SUMMARY: Site's been down, where Bay Teamers live, upcoming Haute TRACS four-day trial, and how ABOUT all them Border Collies?

  • Internet: Finchester.org has been mostly down for a week. I hope that they've finally got their server fixed. Since I've spent 10 years (maybe more) trying to convince the entire universe to use finchester.org for my email address, I have been cut off from a large part of the universe since last friday. It has been frustrating for me and probably even more so (and very confusing) for the rest of the universe. Well, there ya go, universes are easily confused by daily trials and tribulations.

  • Club member locations: My agility club (of which I am Webmaster For Life, past President, past Member-at-Large, past Archivist, blah blah) has roughly 150 members spread mostly around the San Francisco Bay area. View a map with our distribution, each box has a number per city saying how many members are there. (For some reason it doesn't display full size--but my Mac's cursor automatically turns into a magnifying glass to enlarge it. Don't know what Window does or what other browsers do.)

  • Big USDAA trial in a week: The annual Haute TRACS 4-day USDAA trial starts next Thursday. Once again, I signed up for only 3 days, which means that if either of my dogs Q in Steeplechase (which I'm hoping fervently for), I'd have to stick around all day Sunday with nothing to do but work to get our chance to run in Round 2 for money and glory. Don't know whether I'd do that. And we haven't managed to Q at Haute TRACS the last 2 years, so who knows.

    (Note: Technically, this is two trials; one is Thurs/Fri hosted by Haute Dawgs and one is Sat/Sun hosted by TRACS; they just happen to be consecutive, which allows dogs to move up between trials.)

    This is one of the biggest trials out here because it offers double or more of everything AND offers qualifiers for all three National Tournament Events (Steeplechase, Grand Prix, and Team). People come from all over. Mostly California north and south, but we also have entrants from Canada, Colorado, Oregon, Arizona, Washington, Utah, Nevada, Mississippi, and New Mexico. If you want to see all the stats, including how many by breed, dog name, level, class, and so on, see this PDF. (Full trial info here.)

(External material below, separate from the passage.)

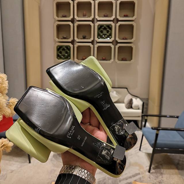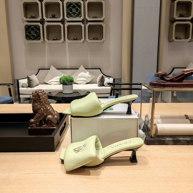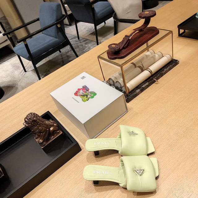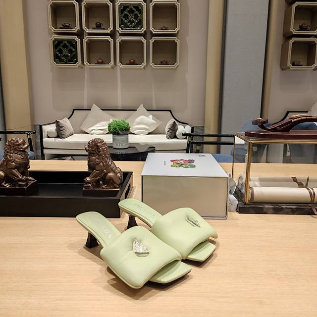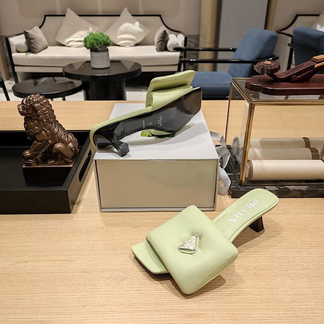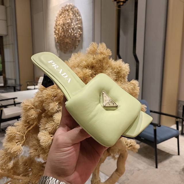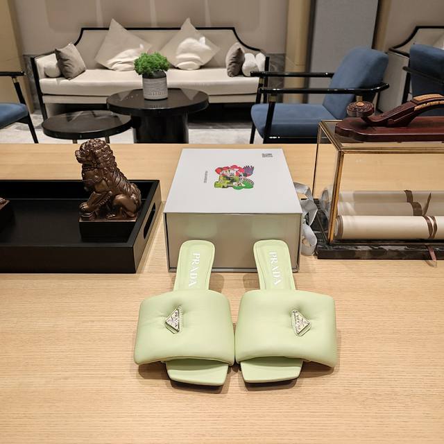 马卡龙系列 顶级包装配套最高版本 PRADA 2024普拉达春季 最新款且超级爆系列填充羽绒矮跟凉爆品。 顶级原版区分:看原版粗鞋跟以及填充绒的厚度。

  • Dreams: I woke from a dream Wednesday night that left me disquieted: I was at an agility trial, and for some odd dreamlike reason all the competing dogs had to be with their owners, on leash, out on the field at the same time. There must have been 300 dogs all together, a veritable sea of canine agilitage surrounding me and my blue merle Boost. And they were, with only a half dozen reddish brown or yellowish exceptions, black and white border colies. An ocean of black and white border collies. A vast plethoric assemblage of black and white border collies. And my thought was, "Oh, no, it's all over, no one does agility with anything but black and white border collies any more." It was a strong enough disappointment to wake me.
    Interesting that this was immediately after class wherein we celebrated Luka the little black Pyrenean Shepherd's victory at the AKC Nationals and Breed Invitational. And also where I found out that FCI has apparently banned all dogs with dockings or croppings from World Team events. More in a separate post.